10 (5) 'Written down value' means:(b) in the case of assets acquired before the previous year the actual cost to the assessee less all depreciation 'actually' allowed to him under this Act, or any Act repealed thereby, or under executive orders issued when the Indian Income-tax Act, 1886, was in force.

6. Mr. Pal, appearing for the Income-tax authorities, contends that the expression 'actually allowed' means 'allowable under the law in force.' Mr. Pal refers as to the provisions of Section 10 (2) (vi) Provisos (b) & (c) of Act XI (11) of 1922 and also to the corresponding provisions of Act VII (7) of 1939. Mr.

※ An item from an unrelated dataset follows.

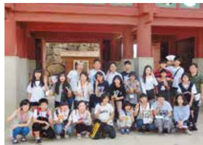
樂安邑城民族村見学

ていて、そこだけ時間の流れが止まっているようでした。外国の地というのは新鮮で目に写る一秒一秒の風景が宝物になりました。本当に貴重な体験ができ、この経験はこれからの私の糧となると思います。

Pal suggests that the amendment of 1941 has reference only to the extent of the allowance & not to the question whether, the allowance was given effect to or not.

7. In our opinion, the contentions are without substance.

8. The words 'actually allowed' are unambiguous & connote the idea that the allowance was in fact given effect to.

9. The depreciation allowance may be set off against the profits or gains under Section 10 (2) Clause (vi) in calculating the assessable income & when so set off, the depreciation allowance is actually allowed.

10. In the present case, as there was loss, the depreciation allowance of Rs. 87,244/- was not set off & cannot be said to have been actually allowed.

11. In our opinion, the Tribunal was right in holding that in determining for the 1942-43 assessment, the written down value of the assets as brought forward on 1-1-1941, the allowable depreciation of Rs. 87,244/- to which effect could not be given by reason of there being no profits in the preceding year, was not depreciation 'actually allowed' within the meaning of Section 10 (5) (b) of the Act as amended in 1941. The answer to the question referred is therefore in the affirmative.

12. The assessee, Kamala Mills, Ltd., Calcutta is entitled to the costs of this Reference, 20 gold mohurs.